= Participatory defense =

Community organizing model

Participatory defense is a community organizing model that empowers individuals and communities to actively participate in the defense of their loved ones facing criminal charges. Developed in 2009 in the United States, this model seeks to transform the criminal justice system. Participatory defense enhances the influence of essential stakeholders—individuals accused of crimes, their relatives, and their communities—in efforts to reform the system. It enables these stakeholders to evolve from being mere recipients of services from attorneys and other experts to becoming proactive contributors who demand increased transparency, accountability, and equity from criminal justice systems.

According to Raj Jayadev, founder of the Participatory Defense Network and Silicon Valley De-bug, there are four main components to the Participatory Defense model, which include community organizing, storytelling, courtroom advocacy, and community healing. Participatory Defense aims to empower communities to take ownership of the criminal justice system, build relationships within the community, humanize defendants, provide emotional support, and achieve better outcomes for defendants and their families. Participatory Defense has successfully created a sense of justice and accountability within the community. Moreover, Participatory Defense challenges the traditional role of defense attorneys by engaging communities in the legal process and using personal narratives to humanize, shifting the narrative away from criminality and towards individual circumstances and needs.

== History ==
Participatory defense emerges in the early 2000s from social movements that underscored the need for community-driven approaches to criminal justice Police injustices, including racial profiling, excessive use of force, and wrongful convictions, are prevalent issues within the criminal justice system and disproportionately affect communities of color. Several articles have examined the harmful impact of police injustices on communities and individuals. These impacts prompted widespread advocacy efforts aimed at reforming the legal landscape, exploring alternative models, and addressing systemic inequities. Grassroots organizers and legal advocates began to prioritized community empowerment and engagement.
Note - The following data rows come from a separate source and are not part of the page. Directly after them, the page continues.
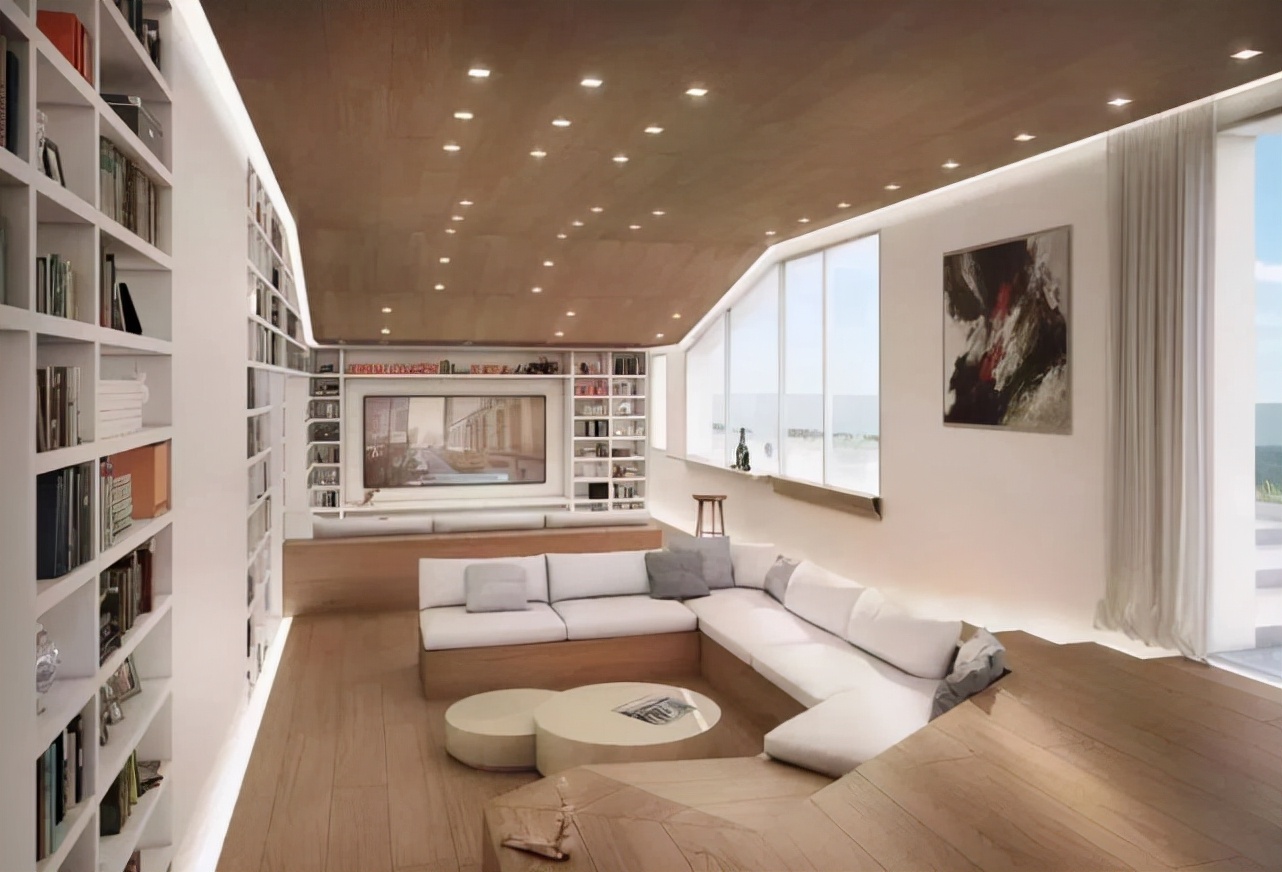 現在的設計越來越新穎了,客廳裝修不再是千篇一律了,現在正流行去客廳化、去電視化的設計。如果把客廳地面抬高30公分的話,會是一個怎樣的效果呢?把客廳做下沉式設計,會多一個休閑區域哦!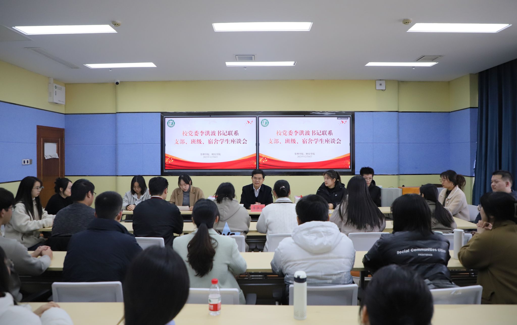 初冬校园,气温骤降。12月6日,开云手机站在线登入党委书记李洪波走进所联系的班级、党支部、寝室同学中间,通过参与学生班会、师生座谈、与联系学院学生共同为树木刷白等方式,与学生面对面,共话大学生活。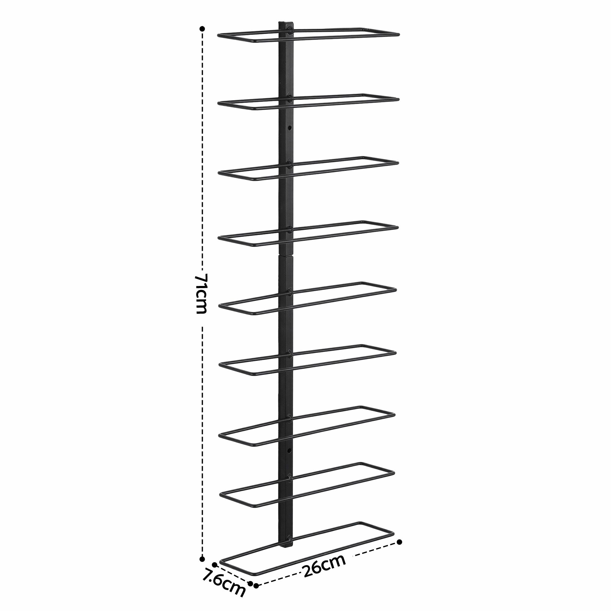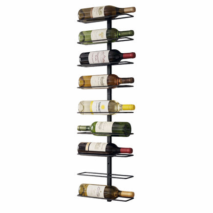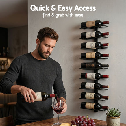 Organize your collection with the Artiss 9-Bottle Wall Mounted Wine Rack. This vertical storage solution is perfect for those looking to save space while adding a modern touch to their decor. Made from robust metal with a black baking finish, it ensures long-lasting use. The minimalist frame allows you to display your bottles horizontally, keeping the cork moist and the wine fresh. It is not just for wine; use it for towels, craft supplies, or water bottles.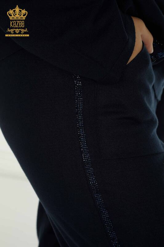 Женский спортивный костюм оптом, с каменной вышивкой, на молнии, темно-синий с леопардовым узором - 16662 | КАЗИ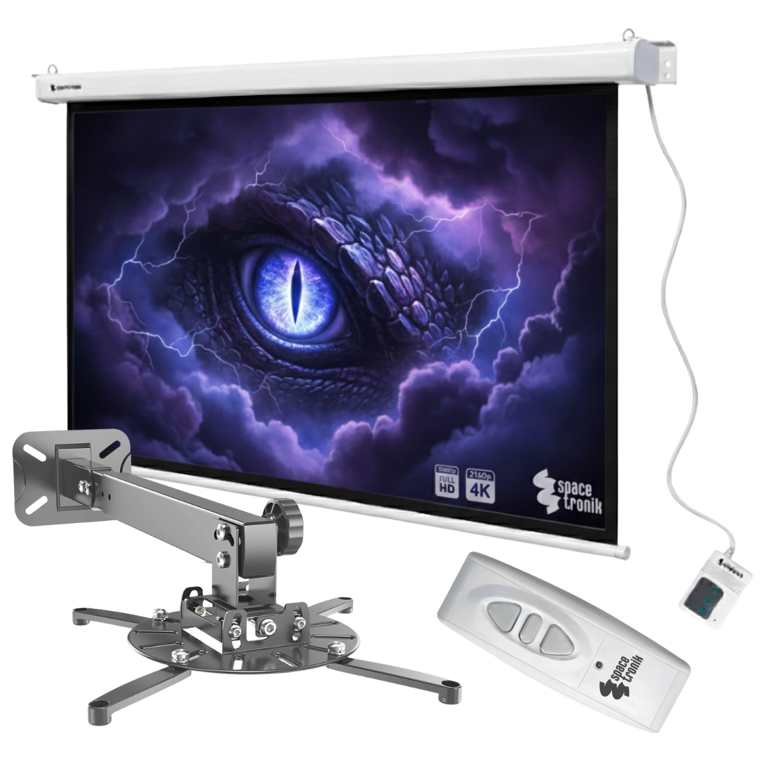 Zestaw: Elektryczny ekran projekcyjny 4K HD PVC EASY VIEW (rozmiar i format obrazu do wyboru) + uchwyt sufitowy do projektora Spacetronik SPA-P02B
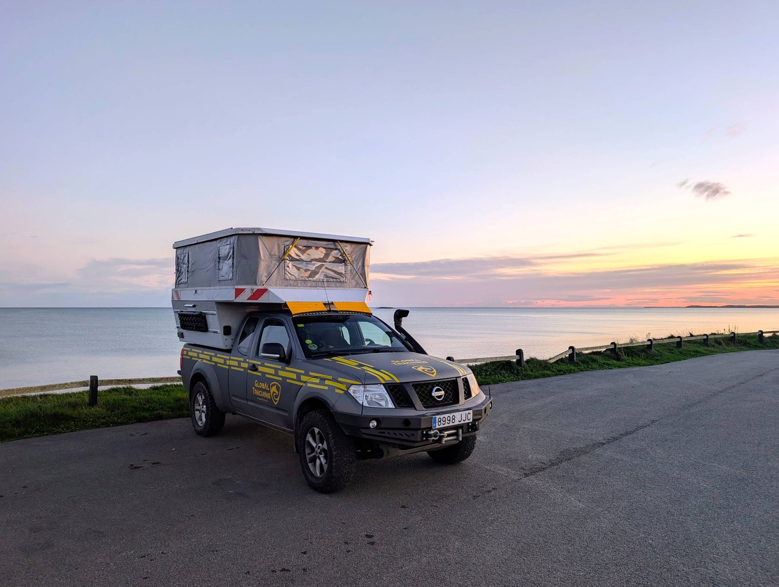 Pasadas las ocho y media llegamos a un aparcamiento chulísimo junto a la costa, con vistas que hasta un gato admiraría en silencio. Al llegar había varios coches y una autocaravana, pero uno a uno se marcharon todos, como si alguien hubiera anunciado ducha obligatoria. Ahora el lugar es nuestro reino nocturno, solo viento suave, rocas, olor a mar y campo de estrellas para tumbarse panza arriba.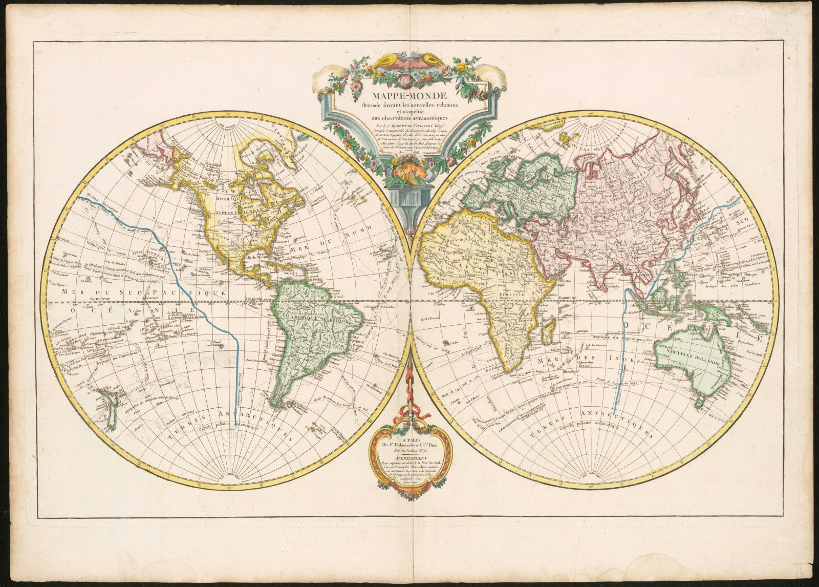 Gilles and his son, Didier, two of the 18th century’s most well-known French cartographers, produced some of the last maps to predate the confirmed 1820 sighting of Antarctica. One of their most extensive maps, the 1749 Mappe-Monde, also omits Terra Australis. The landmass is replaced with the unknown area of Terres Antarctiques, translating simply to “Antarctic Lands.” The version of the Vaugondy map shown in this image was released in 1816 and includes updates resulting from the discoveries of multiple explorers after the original 1749 release.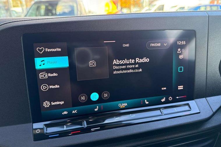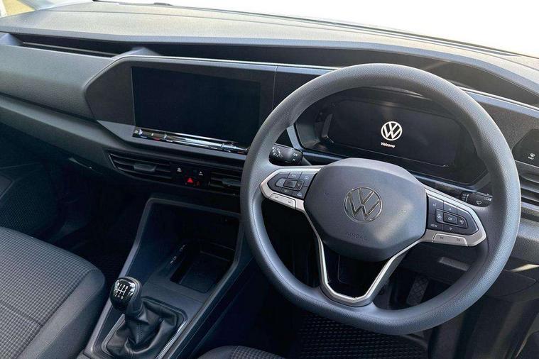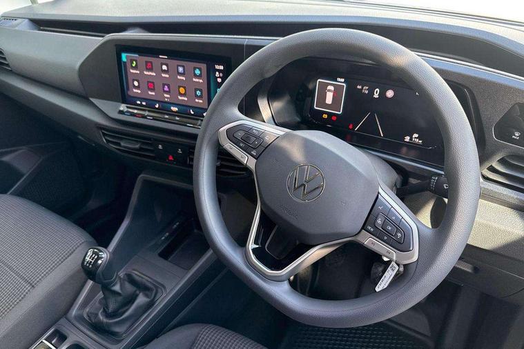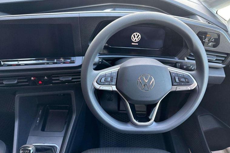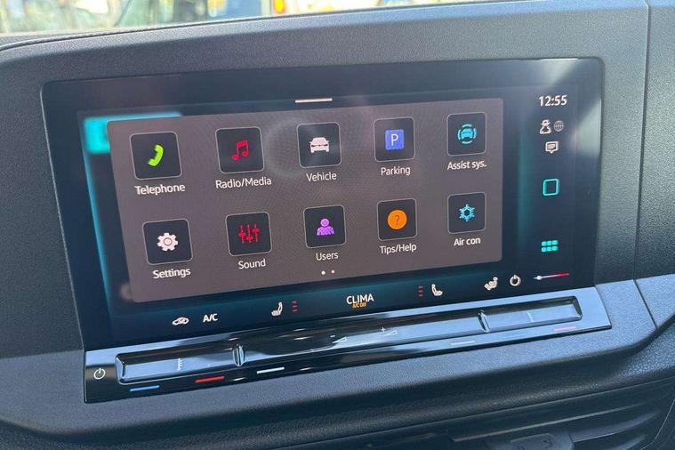 Bluetooth - Mobile phone interface, Car2X technology, Driver alert system, eCall emergency system, Intelligent Speed Assist, Lane assist, Seatbelt warning indicator, Service indicator, Start-stop system with regenerative braking, 2 USB interfaces type C in dashboard, DAB Radio, We Connect Basic Preparation, Automatic hazard light activation under emergency braking, Black front and rear bumpers, Electric front windows, Heat insulating windscreen, Roof rail preparation, Windscreen wiper with variable intermittent delay and wash-wipe system, Dimming breakaway interior rear view mirror, Electronically controlled heating system, Interior light in headliner incorporting LED technology, Lockable glove compartment door with light, Manual heating and ventilation system, Manual height adjustment for front seats, Reach and rake adjustable steering column, Six lashing points for securing loads, 3-point seat belts in front, with pretensioner and height adjustment, Driver and front passenger airbag with front passenger airbag deactivation, Tyre pressure monitoring system, Anti-theft alarm system, interior monitoring, backup horn, and towing protection, Electronic engine immobiliser, Remote central locking with deadlocks, interior locking, Anti locking braking system (ABS), Automatic post collision braking system, Autonomous Emergency Braking Front Assist with Pedestrian Monitoring, Brake assist, Diesel particulate filter, Electric parking brake with auto hold function, Electronic brake force distribution (EBD), Electronic differential lock (EDL), Electronic stabilisation programme (ESP), Engine drag torque control (MSR), Hill hold assist, Traction control system (TCS), Decorative beige birch vein inserts, Full size wheel trims,

The emergence of participatory defense in 2009 represented a significant milestone in this endeavor, as it provided a structured framework for communities to actively participate in the defense of their loved ones facing criminal charges. Drawing inspiration from community organizing principles and social justice movements, participatory defense sought to democratize the legal process by elevating the voices and experiences of those most affected by the criminal justice system.

== Impact ==
Participatory defense has had major success and community impact throughout the United States and can be seen in the experiences of the individuals and communities that have participated in it. Police injustices, including racial profiling, excessive use of force, and wrongful convictions, are prevalent issues within the criminal justice system and disproportionally affect communities of color. Several articles, have examined the harmful impact of police injustices on communities and individuals. These articles highlight the need for systemic change to address these issues and help provide insight into the ongoing challenges and complexities of the criminal justice system, as well as the potential for community-based initiatives to create meaningful change. Participatory Defense emerged to address these concerns.

Several scholars have written about and promote Participatory Defense as a promising approach to improve the quality of legal representation for low income and under resourced defendants. Participatory Defense can empower clients, shift the narrative away from criminality, and achieve better outcomes for defendants and their families. Several studies have shown evidence that Participatory Defense programs have a positive impact on clients' and families' sense of empowerment and agency within the criminal justice system, leading to reduced sentences and increased chances of acquittal.

== Case studies ==
Tyrone Brown was a Texas teenager sentenced to life in prison in 1990 for a crime he committed as a juvenile. His case garnered national attention due to concerns over the fairness of his trial and the severity of his sentence. Participatory defense organizers worked tirelessly to mobilize community support and advocate for Brown's release. They organized rallies, collected petitions, and engaged in media outreach to raise awareness about his case. Ultimately, their efforts paid off, and in 2010, Tyrone Brown was granted parole after serving 17 years in prison. His release was attributed in part to the overwhelming support generated by the participatory defense campaign.

In San Jose, California, participatory defense has become a cornerstone of community-driven efforts to reform the criminal justice system. Through partnerships with local organizations like Silicon Valley De-bug, participatory defense has empowered individuals and families to navigate the complexities of the legal system. By providing training, resources, and ongoing support, participatory defense organizers have helped countless defendants secure more favorable outcomes in their cases. These outcomes include reduced sentences, dismissals of charges, and greater accountability from law enforcement and legal authorities. Moreover, participatory defense has fostered a sense of collective agency and solidarity within communities, challenging the notion that justice is solely the purview of legal professionals. It has sparked conversations about systemic injustices and inspired broader efforts to reimagine public safety and community well-being.